> **THE DATA**:
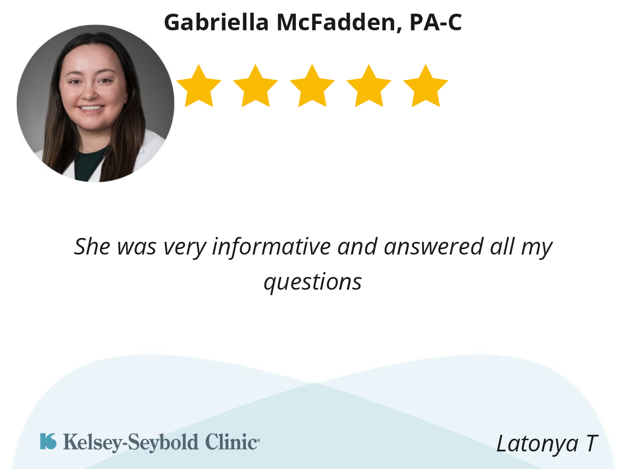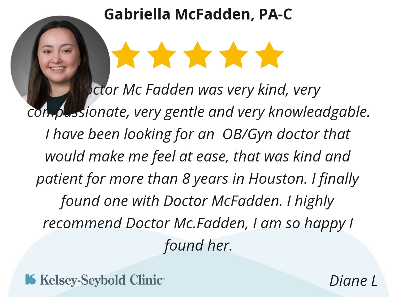 Doctor Mc Fadden was very kind, very compassionate, very gentle and very knowleadgable. I have been looking for an OB/Gyn doctor that would make me feel at ease, that was kind and patient for more than 8 years in Houston. I finally found one with Doctor McFadden. I highly recommend Doctor Mc.Fadden, I am so happy I found her.
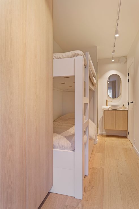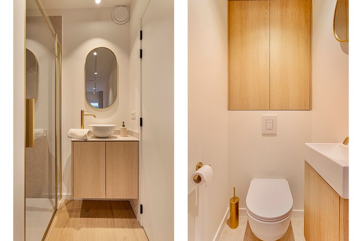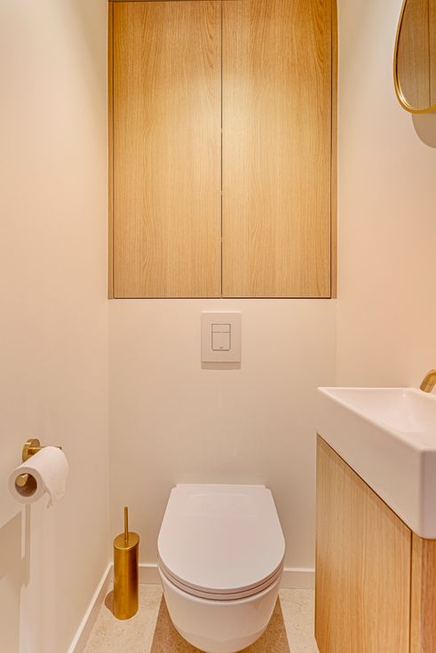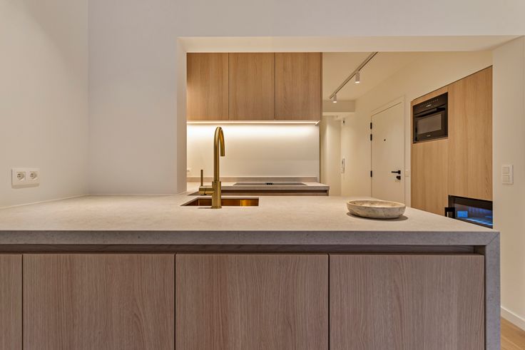 INDELING: inkom met gastentoilet. Open en lichtrijke leefruimte met eetkamer welke uitgeeft op het zuidgerichte terras (met zonneluifel). Volledig uitgeruste keuken met Miele apparatuur en wijnkoelkast. Berging met aansluiting voor wasmachine/droogkast. 2 slaapkamers met ingebouwde kasten. Slaapkamer 1 is voorzien van een en-suite badkamer. Slaapkamer 2 werd uitgerust met aparte douche en lavabomeubel. Privatieve kelderberging. Fietsenberging op gelijkvloers.
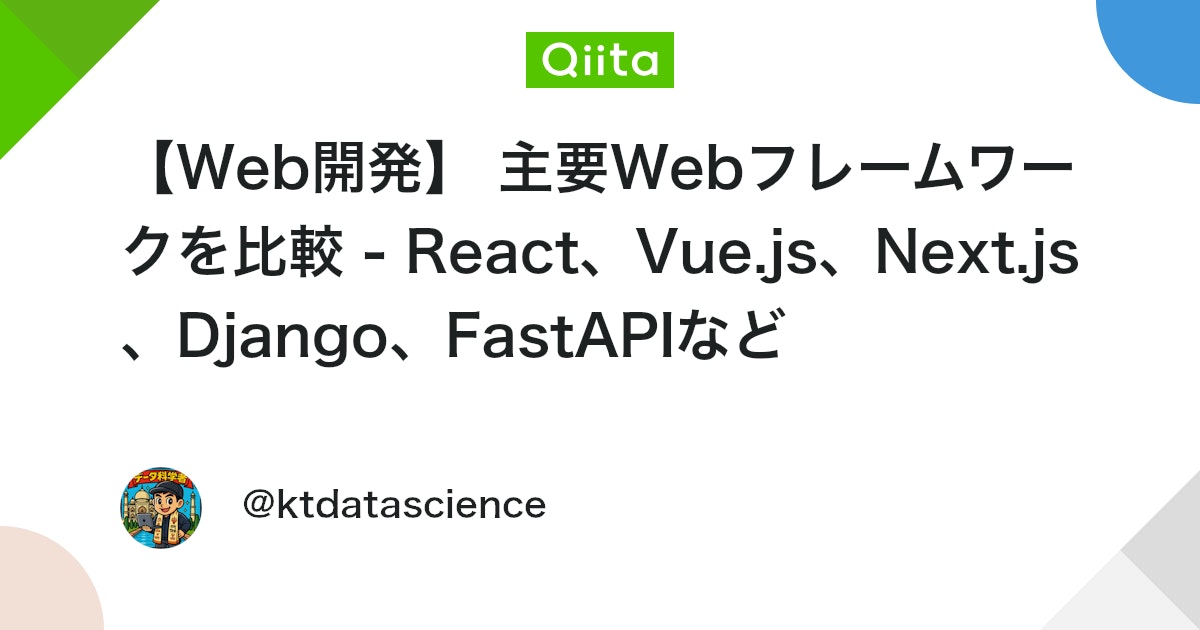 【Web開発】 主要Webフレームワークを比較 – React、Vue.js、Next.js、Django、FastAPIなど – Qiita
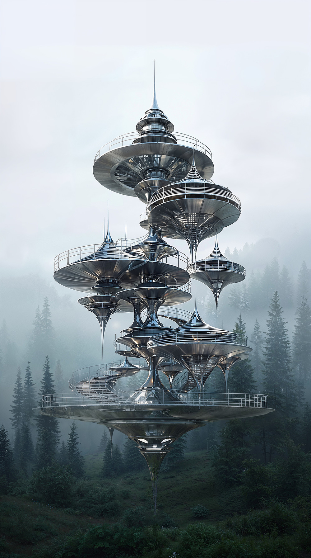 ЛГМ-01 — «Левитирующий гироскопический модуль» Любое архитектурное сооружение — это диалог между природой и технологией. Обычно город начинается с вытеснения ландшафта: сначала исчезает трава, вырубаются деревья, и только затем возникает дом, квартал, город. Позже архитектура пытается вернуть утраченное парками и благоустройством. Но можно ли представить форму существования, которая не требует этой жертвы вовсе? Дома на сваях давно известны человечеству, однако их трудно назвать идеалом: они всё равно глубоко входят в землю и подчиняют себе рельеф. Отсюда возникает мысль о другом типе архитектуры — о независимом слое жизни над природой, где человек может существовать, не разрушая почву, лес и горизонт. Отправной точкой для этой работы стал образ волчка — предельно простой формы, в которой вращение рождает устойчивость. Меня вдохновил и реальный инженерный прецедент: гироскопический монорельс Луиса Бреннана, в котором два встречновращающихся гироскопа стабилизировали вагон на одном рельсе. «Левитирующий гироскопический модуль 01» — это архитектурная фантазия о пространстве, где устойчивость создаётся не фундаментом, а движением. Модуль балансирует подобно волчку: его механизмы скрыты внутри, а внешняя форма лишь проявляет внутреннюю логику равновесия. Он способен зависать над ландшафтом, менять высоту, перемещаться и лишь временно соприкасаться с землёй, почти не оставляя следа. Несколько таких модулей могут стыковаться между собой, образуя фрактальную систему — временный город без жёстких границ и навсегда закреплённого центра. В этом образе есть отголосок фантастической традиции — от летающего острова Лапута у Свифта до «летающих городов» XX века, — но мне важно перевести фантазию в область почти убедимой инженерии. Отражающий металл возвращает природе её собственные цвета, растворяя объект в среде. Вращение здесь становится не только физическим принципом, но и метафорой времени: совершенство никогда не достигается окончательно, оно удерживается лишь в непрерывном балансе между мечтой и реальностью. Именно в этом хрупком равновесии и возникает иллюзия совершенства. Инструменты создания: 3Д моделирование в Cinema 4D, коллажирование в Adobe Photoshop, ИИ: Nano Banana 2, Seedream 4.5, Chat GPT, Grok Imagine Image.

> **WORK INSTRUCTIONS**: Copy out all the data exactly, skipping the pictures.

> **RESULT FOR THIS EXERCISE**:
 Doctor Mc Fadden was very kind, very compassionate, very gentle and very knowleadgable. I have been looking for an OB/Gyn doctor that would make me feel at ease, that was kind and patient for more than 8 years in Houston. I finally found one with Doctor McFadden. I highly recommend Doctor Mc.Fadden, I am so happy I found her.
 INDELING: inkom met gastentoilet. Open en lichtrijke leefruimte met eetkamer welke uitgeeft op het zuidgerichte terras (met zonneluifel). Volledig uitgeruste keuken met Miele apparatuur en wijnkoelkast. Berging met aansluiting voor wasmachine/droogkast. 2 slaapkamers met ingebouwde kasten. Slaapkamer 1 is voorzien van een en-suite badkamer. Slaapkamer 2 werd uitgerust met aparte douche en lavabomeubel. Privatieve kelderberging. Fietsenberging op gelijkvloers.
 【Web開発】 主要Webフレームワークを比較 – React、Vue.js、Next.js、Django、FastAPIなど – Qiita
 ЛГМ-01 — «Левитирующий гироскопический модуль» Любое архитектурное сооружение — это диалог между природой и технологией. Обычно город начинается с вытеснения ландшафта: сначала исчезает трава, вырубаются деревья, и только затем возникает дом, квартал, город. Позже архитектура пытается вернуть утраченное парками и благоустройством. Но можно ли представить форму существования, которая не требует этой жертвы вовсе? Дома на сваях давно известны человечеству, однако их трудно назвать идеалом: они всё равно глубоко входят в землю и подчиняют себе рельеф. Отсюда возникает мысль о другом типе архитектуры — о независимом слое жизни над природой, где человек может существовать, не разрушая почву, лес и горизонт. Отправной точкой для этой работы стал образ волчка — предельно простой формы, в которой вращение рождает устойчивость. Меня вдохновил и реальный инженерный прецедент: гироскопический монорельс Луиса Бреннана, в котором два встречновращающихся гироскопа стабилизировали вагон на одном рельсе. «Левитирующий гироскопический модуль 01» — это архитектурная фантазия о пространстве, где устойчивость создаётся не фундаментом, а движением. Модуль балансирует подобно волчку: его механизмы скрыты внутри, а внешняя форма лишь проявляет внутреннюю логику равновесия. Он способен зависать над ландшафтом, менять высоту, перемещаться и лишь временно соприкасаться с землёй, почти не оставляя следа. Несколько таких модулей могут стыковаться между собой, образуя фрактальную систему — временный город без жёстких границ и навсегда закреплённого центра. В этом образе есть отголосок фантастической традиции — от летающего острова Лапута у Свифта до «летающих городов» XX века, — но мне важно перевести фантазию в область почти убедимой инженерии. Отражающий металл возвращает природе её собственные цвета, растворяя объект в среде. Вращение здесь становится не только физическим принципом, но и метафорой времени: совершенство никогда не достигается окончательно, оно удерживается лишь в непрерывном балансе между мечтой и реальностью. Именно в этом хрупком равновесии и возникает иллюзия совершенства. Инструменты создания: 3Д моделирование в Cinema 4D, коллажирование в Adobe Photoshop, ИИ: Nano Banana 2, Seedream 4.5, Chat GPT, Grok Imagine Image.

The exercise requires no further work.